Survival of Pathogens in Frozen Fruits

March 2013

Outbreaks of foodborne illness have been associated with consumption of contaminated berries. Contamination can occur pre- or post-harvest, or even during handling by consumers. Freezing is a common practice to preserve berries on a commercial level as well as in home settings but survival characteristics of foodborne pathogens on frozen fruits is not well understood.

We did a study to determine if foodborne pathogens can survive freezing in water and syrup, and after adding sugar and freezing. Red raspberries and sliced or whole strawberries were inoculated with Salmonella (mixture of five serotypes), Shiga toxin-producing Escherichia coli O157:H7 (mixture of five strains), Cryptosporidium parvum oocysts, Encephalitozoon intestinalis (microsporidia) spores, or murine norovirus (MNV-1), a surrogate for human norovirus.

Each fruit type (20 - 30 g) was separately inoculated with 100 µl of a suspension of test pathogen. Inocula were allowed to dry in a biosafety hood at 21 - 23°C for 1 h. Fruits were then immersed in water or syrup (40 g sugar/500 ml water), or combined with sugar (sucrose, 4 g/20-30 g of berries) before freezing or refrigerating.

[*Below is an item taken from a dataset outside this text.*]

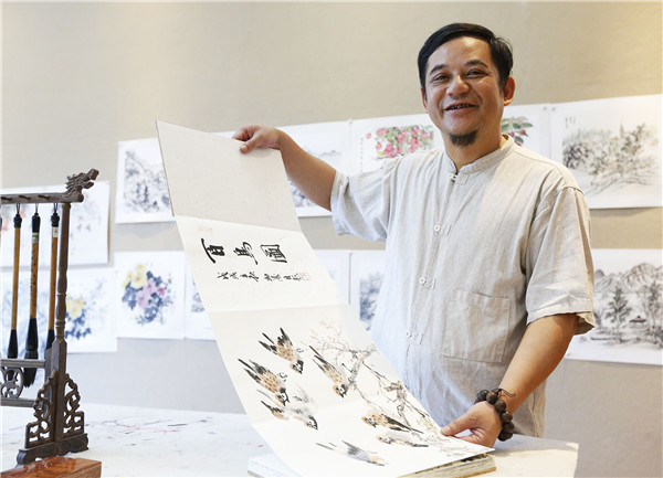 李劲涛介绍,冀通过《百鸟图》呼醒市民爱护山间飞禽;同时将“中国最美小镇”清溪的“清山溪水”画出来,供欣赏之余,呼吁市民更加注重保护自然环境。

Berries were stored for 16 - 18 h at 4°C or at -23°C followed by thawing at 20°C for 30 min. Berries inoculated with bacterial pathogens were combined with Dey Engley (DE) broth and washed. Samples serially diluted in 0.1% peptone were plated on McConkey agar to enumerate E. coli O157:H7 or XLD agar to enumerate Salmonella. Fruits on which microsporidia or Cryptosporidium were inoculated were resuspended in DE broth, repeatedly washed, resuspended in DMEM-F-12 medium, and inoculated onto monolayers of RK-13 or HCT-8 cell lines, respectively. MNV-1 was recovered in phosphate-buffered saline (1M NaCl) followed by 8% polyethylene glycol (PEG) precipitation. PEG pellets were resuspended in the infection medium and inoculated onto monolayers of the RAW 264-7 cell line. Live virus was quantified by plaque formation. Log reductions caused by freezing were calculated by subtracting the number of test organisms that survived at -23°C from the number surviving at 4°C.

Less than a 1-log reduction of Salmonella and E. coli O157:H7 was observed on raspberries and whole and sliced strawberries, with a non-significant but larger reduction in water than in syrup or sugar. A reduction of at least 4 log CFU/g occurred when Cryptosporidium was exposed to all treatments.

With microsporidia, reductions of 3, 0.8, and 1 log CFU/g were observed on raspberries frozen in water, syrup, and sugar, respectively. When inoculated onto whole strawberries, reductions of 1, 0.5 and 0.7 log CFU/g occurred in water, syrup, and sugar, respectively. Similar results were observed for sliced frozen strawberries.

The number of plaque-forming units (PFU) of MNV-1 was reduced by 0.4 log PFU/g in whole strawberries frozen in water and 0.3 log in whole strawberries frozen in syrup. Less than a 0.2-log PFU reduction of MNV-1 occurred on sliced strawberries and whole raspberries frozen in water, syrup, or sugar.

In summary, freezing strawberries or raspberries with water, syrup, or sugar minimally affects the viability of Salmonella, E. coli O157:H7, microsporidia, and MNV-1. In contrast, the viability of Cryptosporidium oocysts is substantially reduced but not eliminated by all of the freezing conditions tested.